Over 100 proposals are submitted each year to the Qualcomm Innovation Fellowship (QIF) program, which recognizes PhD students from across a range of technical research areas. Winning students earn a one year fellowship and are mentored by Qualcomm engineers to facilitate the success of the proposed research.

 

Mahmoud and Carillo’s winning proposal aims to develop novel deep learning models to enhance robot perception at long-range. Their proposal addresses the sparsity of range sensor measurements (i.e., LiDAR/RADAR) at long-range by fusing dense image data beyond direct pixel-point correspondences.
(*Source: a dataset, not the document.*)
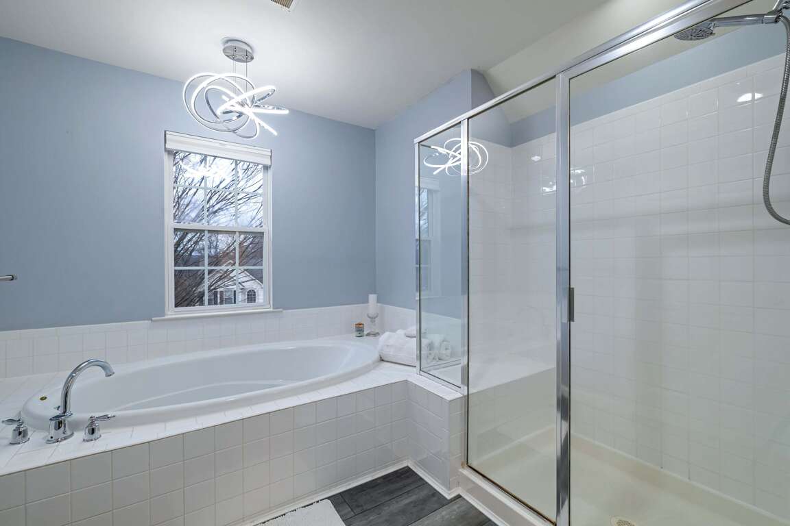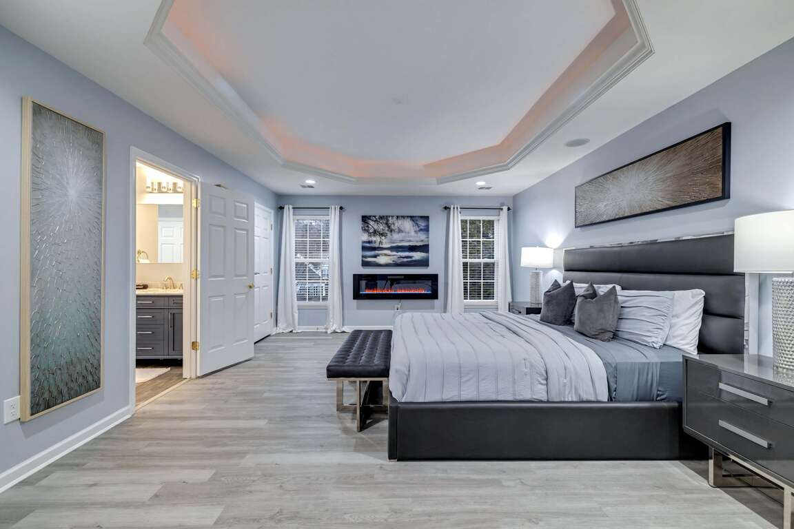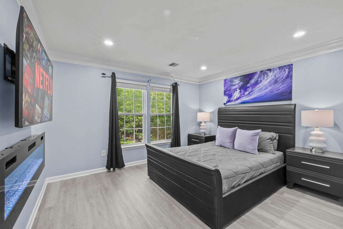 β Master bedroom suite w/ king bed, seating/TV area, shower & soaking tub

They also introduce a 3D perception model that uses implicit representations of shape priors along with images to improve the characterisation of faraway objects. The application of their research will potentially allow autonomous vehicles and ADAS systems to operate safely at higher speeds by sensing obstacles at long-range, which enables planning and control algorithms to perform earlier decisions.

 

Mahmoud and Carillo are thrilled, and report they “are excited to tackle the challenge of detection at long range for its potential to enable various autonomous driving downstream tasks.” The pair added that their proposal “builds on previous object detection research at Prof. Waslander’s TRAILab, and the Qualcomm Innovation Fellowship will provide us with the resources needed to address this challenge.” 

 

They are particularly looking forward to the industry partnerships the fellowship creates. “The fellowship offers mentorship from senior staff at Qualcomm, and funding support to two Ph.D. students amounting to 100K USD for a year,” they reported. 

Mahmoud and Carillo are members of Prof. Steve Waslander’s TRAIL Lab, which focuses on robotic perception and planning problems in the domains of unmanned aerial vehicles and self-driving cars. Steve Waslander is a recent recipient of a $12M ORF-RE in All-Weather Autonomous Driving.